Parlament Europejski przegłosował w czwartek stanowisko dotyczące propozycji powiązania dostępu do funduszy UE ze stanem praworządności. Przewiduje ono, że wraz z panelem niezależnych ekspertów, Komisja Europejska miałaby stwierdzać, czy istnieją "uogólnione niedociągnięcia w zakresie praworządności" i podejmować decyzje o środkach zapobiegawczych, włącznie z ograniczeniem płatności zaliczkowych oraz zawieszeniem płatności z budżetu UE.

Decyzja taka byłaby zatwierdzana przez Parlament Europejski i Radę UE. Kiedy państwo członkowskie naprawi niedociągnięcia stwierdzone przez Komisję, Parlament oraz ministrowie UE mogą podjąć decyzję o odblokowaniu funduszy.

Za takim stanowiskiem opowiedziało się 397 europosłów, przeciw było 158, natomiast od głosu wstrzymało się 69. Szczegółowe wyniki głosowania, które przeanalizowała PAP pokazują, że podziały w tej sprawie przebiegają również w poprzek grup politycznych i to zarówno tej w której zasiadają eurodeputowani PiS, czyli Europejskich Konserwatystów i Reformatorów (EKR) jak i frakcji PO-PSL, czyli Europejskiej Partii Ludowej (EPL).

Z EKR za propozycją zagłosowało 3 deputowanych: Bernd Koelmel i Joachim Starbatty z Niemiec oraz Monica Macovei z Rumunii. Od głosu wstrzymało się 22 eurodeputowanych z tej frakcji w tym wielu Brytyjczyków, z szefem grupy Syedem Kamallem na czele. Wszyscy europosłowie PiS byli przeciwko.

Reklama

Zdaniem europosła PiS Ryszarda Czarneckiego - wypowiedział się w tej sprawie w debacie poprzedzającej głosowanie - nowe przepisy mogą okazać się swoistą puszką Pandory, której nie należy otwierać proponując regulacje mogące, jego zdaniem, być bardzo różnie interpretowane.

"Przyznaję ojczyźnie pana komisarza (Guentera) Oettingera prawo wyboru polityka na wiceszefa Trybunału Konstytucyjnego w Karlsruhe - to są wasze sprawy jeżeli tak robicie.
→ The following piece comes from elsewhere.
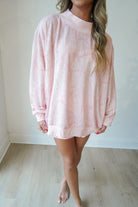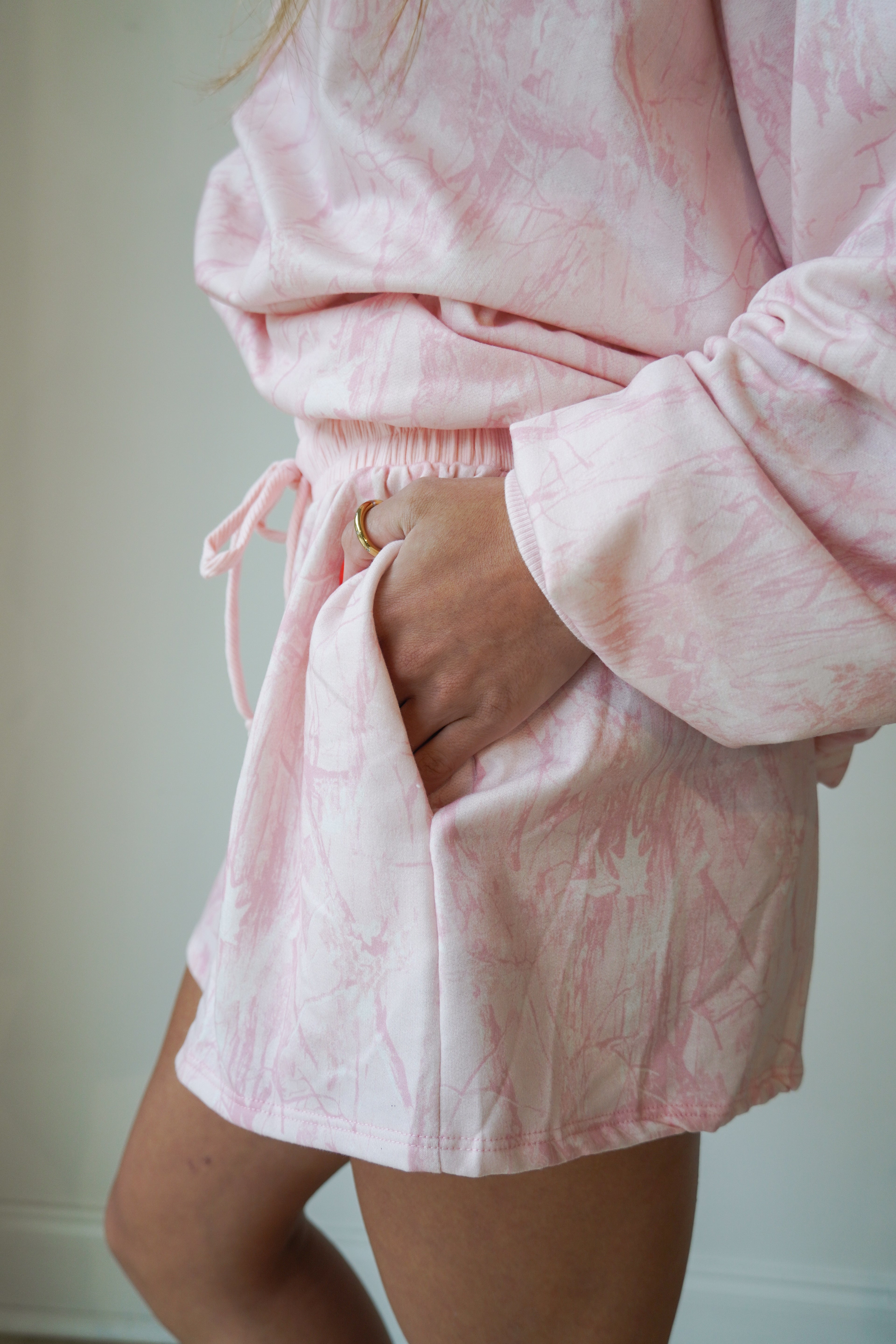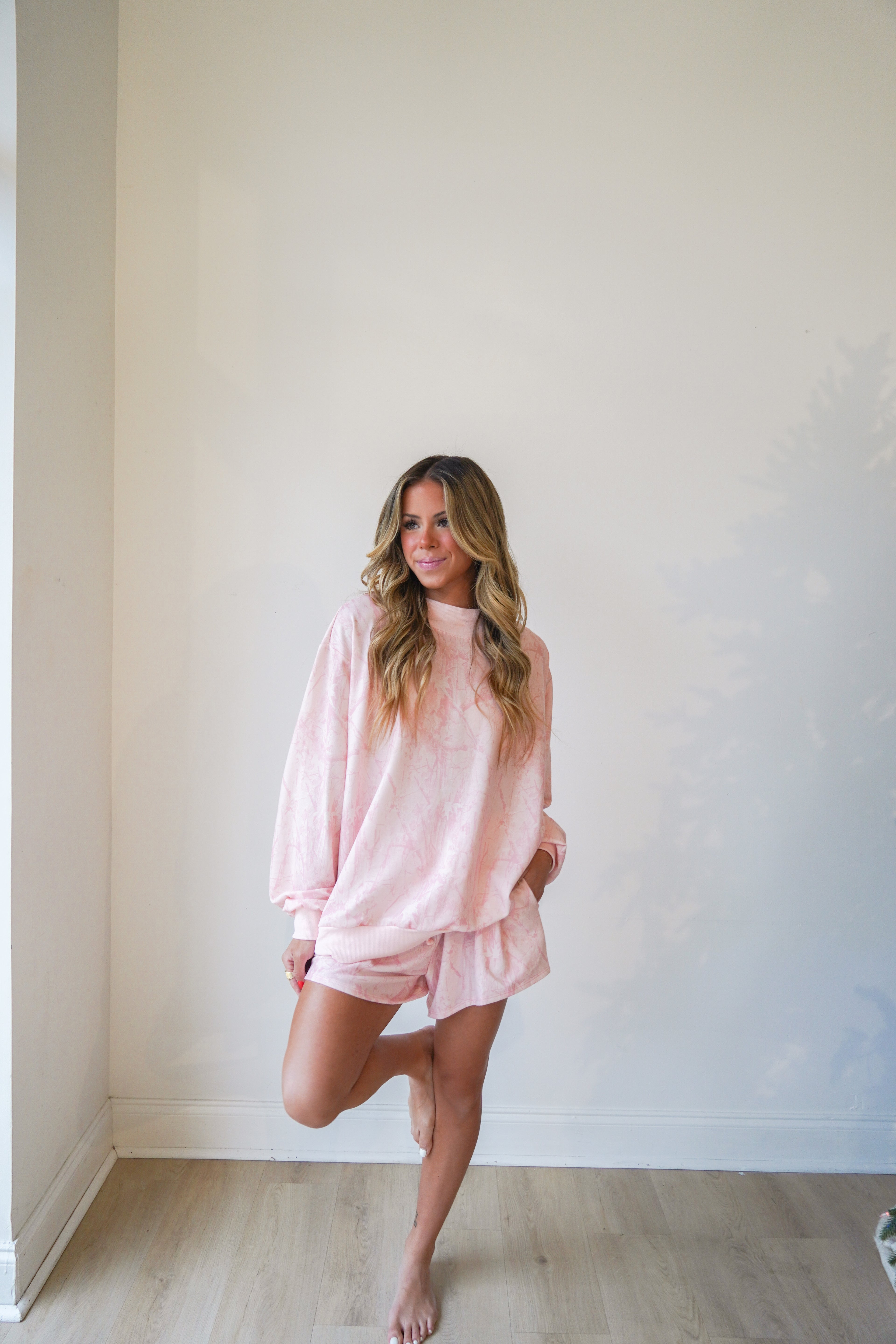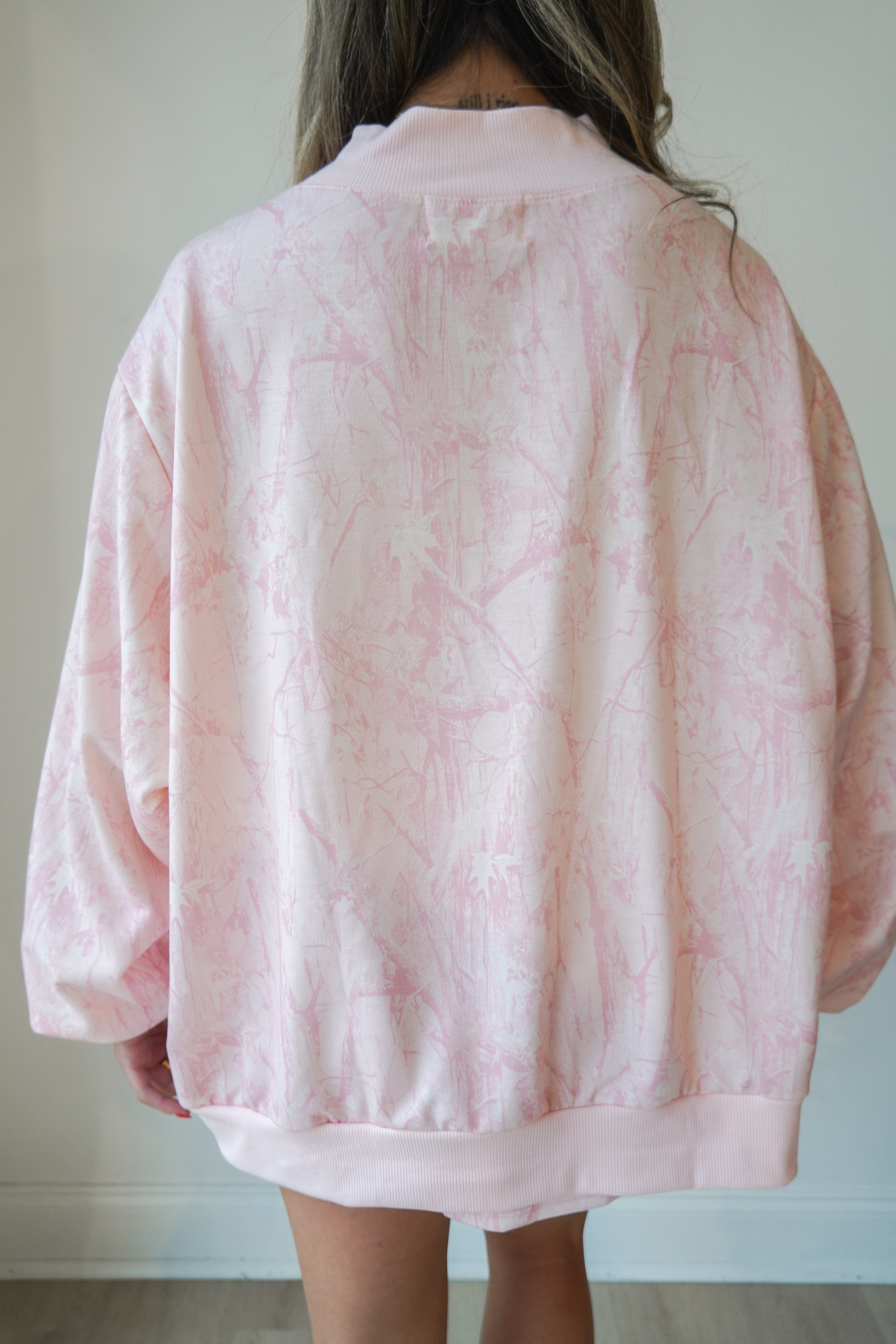This baby pink camo mock neck is oversized and so cozy-- paired perfectly with the matching flowy shorts. Rib banded hemline and cuffs on the mock neck and the shorts have an elastic waistband with drawstring.

Ale skoro my nie chcemy ingerować w wasze sprawy to proszę byście państwo również uszanowali takie kraje, które były tu dzisiaj atakowane, np. Węgry. Oni mają przez kartkę wyborczą ustanowioną demokrację i powinniśmy to respektować. Propozycja powiązania budżetu z politycznymi ocenami praworządności jest kontrowersyjna" - oświadczył Czarnecki.

Przeciwko przepisom opowiedzieli się węgierscy europosłowie należący do Europejskiej Partii Ludowej, a także pojedynczy deputowani ze Słowenii, Słowacji, Chorwacji, Niemiec oraz Rumunii. Z całej EPL skupiającej 217 posłów z 28 państw przeciw były 24 osoby. Wszyscy europosłowie PO, którzy wzięli udział w głosowaniu byli za, natomiast deputowani PSL znaleźli się wśród 16 osób z EPL, którzy wstrzymali się od głosu. Podobnie zrobili Adam Gierek, Krystyna Łybacka i Janusz Zemke z SLD.

"PE w większości chce takich rozwiązań. To jest oczywiście początek negocjacji, wiec można dyskutować jaką formułę ma to przyjąć" - powiedział PAP zajmujący się tą sprawą europoseł PO Jan Olbrycht.

Zwrócił uwagę, że jego ugrupowanie poparło zapisy, by chronić odbiorców końcowych. Przegłosowana propozycja przewiduje, że o ile decyzja w sprawie zawieszenia środków nie stanowi inaczej, rząd nadal będzie musiał wdrożyć odpowiedni program lub fundusz UE i dokonywać płatności na rzecz beneficjentów końcowych, takich jak naukowcy lub organizacje społeczeństwa obywatelskiego.

"To rozporządzenie jest tak drażliwe dla niektórych państw, że będą go chciały używać również jako narzędzia przy dyskusji dotyczącej całego budżetu, gdzie potrzebna jest jednomyślność" - przyznaje Olbrycht.

Europosłowie są teraz gotowi do rozpoczęcia rozmów w sprawie ostatecznego kształtu rozporządzenia z ministrami państw UE, którzy jeszcze nie przyjęli swojego stanowiska.